Non fu solo un designer, ma un vero e proprio maestro per le generazioni successive. Attraverso la creazione del Genius Group, Goldschmied diede vita a una sorta di accademia creativa dove si formarono i nomi più celebri della moda italiana contemporanea. Tra i suoi allievi più illustri spicca Renzo Rosso, il fondatore di Diesel, che ha pubblicamente salutato il suo mentore definendolo il suo primo vero capo. Insieme a lui e a Claudio Buziol, mente dietro il marchio Replay, Goldschmied partecipò alla fondazione di brand che hanno scritto la storia del costume. La sua firma compare dietro successi mondiali come Gap 1969, Agolde, Goldsign e Citizens of Humanity, dimostrando una capacità inesauribile di generare progetti innovativi e di successo.

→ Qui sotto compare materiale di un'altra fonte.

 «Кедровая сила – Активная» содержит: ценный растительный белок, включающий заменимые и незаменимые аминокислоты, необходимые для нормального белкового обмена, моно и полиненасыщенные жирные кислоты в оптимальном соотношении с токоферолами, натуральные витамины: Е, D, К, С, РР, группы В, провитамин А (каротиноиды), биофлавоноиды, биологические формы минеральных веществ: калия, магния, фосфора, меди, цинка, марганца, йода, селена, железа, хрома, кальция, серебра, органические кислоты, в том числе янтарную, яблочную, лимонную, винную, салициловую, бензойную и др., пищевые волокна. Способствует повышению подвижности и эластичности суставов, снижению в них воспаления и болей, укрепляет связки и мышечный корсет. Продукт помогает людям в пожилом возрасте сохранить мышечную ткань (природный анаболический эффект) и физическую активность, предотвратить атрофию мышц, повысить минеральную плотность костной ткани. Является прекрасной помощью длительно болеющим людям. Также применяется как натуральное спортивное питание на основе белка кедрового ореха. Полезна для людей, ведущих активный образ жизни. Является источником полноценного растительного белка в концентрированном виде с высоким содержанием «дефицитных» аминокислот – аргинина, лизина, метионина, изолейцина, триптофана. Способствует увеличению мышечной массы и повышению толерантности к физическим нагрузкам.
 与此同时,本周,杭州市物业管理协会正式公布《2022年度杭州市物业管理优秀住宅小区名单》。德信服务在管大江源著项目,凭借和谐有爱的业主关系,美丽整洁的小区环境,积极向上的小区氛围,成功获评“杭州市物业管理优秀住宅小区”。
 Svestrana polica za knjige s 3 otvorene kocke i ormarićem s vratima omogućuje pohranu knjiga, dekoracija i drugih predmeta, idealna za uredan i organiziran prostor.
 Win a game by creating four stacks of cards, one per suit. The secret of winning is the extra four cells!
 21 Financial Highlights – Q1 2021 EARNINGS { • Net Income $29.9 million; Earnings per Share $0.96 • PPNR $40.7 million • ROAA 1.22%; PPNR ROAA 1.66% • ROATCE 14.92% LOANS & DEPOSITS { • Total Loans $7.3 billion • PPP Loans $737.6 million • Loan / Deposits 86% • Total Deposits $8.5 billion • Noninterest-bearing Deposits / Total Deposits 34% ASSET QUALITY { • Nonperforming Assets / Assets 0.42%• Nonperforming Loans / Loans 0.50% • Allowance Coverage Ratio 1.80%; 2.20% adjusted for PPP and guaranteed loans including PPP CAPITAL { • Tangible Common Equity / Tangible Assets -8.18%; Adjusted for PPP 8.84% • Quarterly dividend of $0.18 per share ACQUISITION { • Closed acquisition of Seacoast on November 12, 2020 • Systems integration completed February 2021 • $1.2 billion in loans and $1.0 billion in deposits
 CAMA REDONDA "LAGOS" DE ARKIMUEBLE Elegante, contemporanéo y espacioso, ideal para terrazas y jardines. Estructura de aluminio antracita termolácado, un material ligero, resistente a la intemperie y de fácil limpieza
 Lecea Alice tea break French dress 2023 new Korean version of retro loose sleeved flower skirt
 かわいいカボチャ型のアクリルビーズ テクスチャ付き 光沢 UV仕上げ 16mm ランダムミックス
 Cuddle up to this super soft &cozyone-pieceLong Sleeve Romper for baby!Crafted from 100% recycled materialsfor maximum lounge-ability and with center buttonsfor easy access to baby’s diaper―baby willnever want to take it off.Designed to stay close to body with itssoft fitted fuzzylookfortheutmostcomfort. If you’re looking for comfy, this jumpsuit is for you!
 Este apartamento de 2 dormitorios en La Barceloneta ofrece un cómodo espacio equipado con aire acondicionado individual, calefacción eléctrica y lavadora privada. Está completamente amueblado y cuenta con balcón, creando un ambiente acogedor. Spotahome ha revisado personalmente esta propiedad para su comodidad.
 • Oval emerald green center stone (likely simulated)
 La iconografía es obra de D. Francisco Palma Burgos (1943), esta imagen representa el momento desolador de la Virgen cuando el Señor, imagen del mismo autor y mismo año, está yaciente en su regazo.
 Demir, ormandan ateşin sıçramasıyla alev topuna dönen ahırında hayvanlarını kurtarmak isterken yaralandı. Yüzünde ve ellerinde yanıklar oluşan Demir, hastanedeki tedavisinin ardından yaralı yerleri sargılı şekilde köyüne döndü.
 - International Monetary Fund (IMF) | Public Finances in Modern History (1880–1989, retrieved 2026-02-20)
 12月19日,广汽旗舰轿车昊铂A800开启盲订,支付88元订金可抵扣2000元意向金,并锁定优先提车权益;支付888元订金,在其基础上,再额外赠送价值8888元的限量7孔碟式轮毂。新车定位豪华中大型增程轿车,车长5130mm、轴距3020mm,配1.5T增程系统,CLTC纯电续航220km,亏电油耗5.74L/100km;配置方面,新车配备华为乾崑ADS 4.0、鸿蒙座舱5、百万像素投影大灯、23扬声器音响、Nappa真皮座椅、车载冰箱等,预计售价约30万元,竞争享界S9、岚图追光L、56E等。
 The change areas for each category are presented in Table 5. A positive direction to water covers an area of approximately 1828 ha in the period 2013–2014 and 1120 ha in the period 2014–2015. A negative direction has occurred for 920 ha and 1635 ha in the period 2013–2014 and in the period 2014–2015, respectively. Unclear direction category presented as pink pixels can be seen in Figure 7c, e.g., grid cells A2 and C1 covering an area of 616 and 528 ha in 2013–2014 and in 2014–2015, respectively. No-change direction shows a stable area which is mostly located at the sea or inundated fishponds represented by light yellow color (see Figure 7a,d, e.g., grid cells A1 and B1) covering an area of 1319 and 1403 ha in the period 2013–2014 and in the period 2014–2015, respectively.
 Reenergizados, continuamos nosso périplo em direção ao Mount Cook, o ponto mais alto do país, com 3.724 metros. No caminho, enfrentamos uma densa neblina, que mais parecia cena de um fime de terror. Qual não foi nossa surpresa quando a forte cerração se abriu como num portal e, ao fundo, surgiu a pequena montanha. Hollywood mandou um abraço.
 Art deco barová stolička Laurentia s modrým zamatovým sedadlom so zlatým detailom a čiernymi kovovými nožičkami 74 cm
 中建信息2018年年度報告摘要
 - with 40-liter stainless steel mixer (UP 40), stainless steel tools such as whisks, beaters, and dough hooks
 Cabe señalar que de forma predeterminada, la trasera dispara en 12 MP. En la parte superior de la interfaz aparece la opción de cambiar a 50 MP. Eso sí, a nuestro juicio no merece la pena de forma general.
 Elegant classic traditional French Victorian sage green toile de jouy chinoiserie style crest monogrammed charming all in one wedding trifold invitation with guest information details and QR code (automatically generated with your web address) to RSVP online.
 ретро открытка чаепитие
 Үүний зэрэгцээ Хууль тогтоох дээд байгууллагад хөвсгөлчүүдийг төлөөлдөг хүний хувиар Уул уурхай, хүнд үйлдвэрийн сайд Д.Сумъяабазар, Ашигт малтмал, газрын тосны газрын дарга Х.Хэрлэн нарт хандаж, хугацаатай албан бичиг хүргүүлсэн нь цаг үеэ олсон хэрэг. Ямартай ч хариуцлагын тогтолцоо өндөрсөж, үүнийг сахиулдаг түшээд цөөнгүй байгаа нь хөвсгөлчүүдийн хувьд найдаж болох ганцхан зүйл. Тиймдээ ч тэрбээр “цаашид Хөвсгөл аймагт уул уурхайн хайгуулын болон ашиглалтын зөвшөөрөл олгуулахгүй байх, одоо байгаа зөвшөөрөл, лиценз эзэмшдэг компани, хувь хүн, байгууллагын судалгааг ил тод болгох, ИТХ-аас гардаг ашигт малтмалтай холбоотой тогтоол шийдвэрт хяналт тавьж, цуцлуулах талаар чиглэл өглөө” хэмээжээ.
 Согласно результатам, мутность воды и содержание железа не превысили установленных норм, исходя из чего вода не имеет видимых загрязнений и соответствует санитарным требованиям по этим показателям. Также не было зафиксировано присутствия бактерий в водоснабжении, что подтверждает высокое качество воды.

Il contributo di Goldschmied all’industria non si limitò allo stile, ma toccò profondamente la tecnologia produttiva. Si deve a lui la diffusione della tecnica stonewash, quel particolare lavaggio con pietre abrasive che conferisce ai jeans l’aspetto vissuto tanto amato dai consumatori. Sperimentò incessantemente con fibre innovative, introducendo l’uso del Tencel e perfezionando il denim stretch, un’innovazione che ha radicalmente migliorato il comfort e la vestibilità del pantalone blu, rendendolo adatto a ogni tipo di silhouette. La sua visione prevedeva un futuro dove il jeans non era più un semplice capo sportivo, ma un elemento centrale delle collezioni di alta moda, come dimostrato dalle successive collaborazioni con case prestigiose del calibro di Gucci e Stella McCartney.

La sfida della sostenibilità ambientale

Negli ultimi anni della sua carriera, l’ossessione di Goldschmied si era spostata verso la protezione del pianeta. Era profondamente consapevole dell’enorme impronta ecologica della sua industria e non faceva mistero del fatto che la produzione di un solo paio di pantaloni richiedesse migliaia di litri d’acqua. La sua ultima grande sfida fu la ricerca del jeans a impatto zero, un obiettivo che perseguiva con la stessa energia degli esordi. Collaborò attivamente con la Jean School di Amsterdam per formare giovani designer consapevoli dell’importanza della tracciabilità e del riciclo dei materiali. Per lui, la rivoluzione della moda doveva ricalcare quella avvenuta nel settore alimentare, mettendo al centro la trasparenza dei processi e la responsabilità sociale delle imprese per garantire un futuro alle nuove generazioni.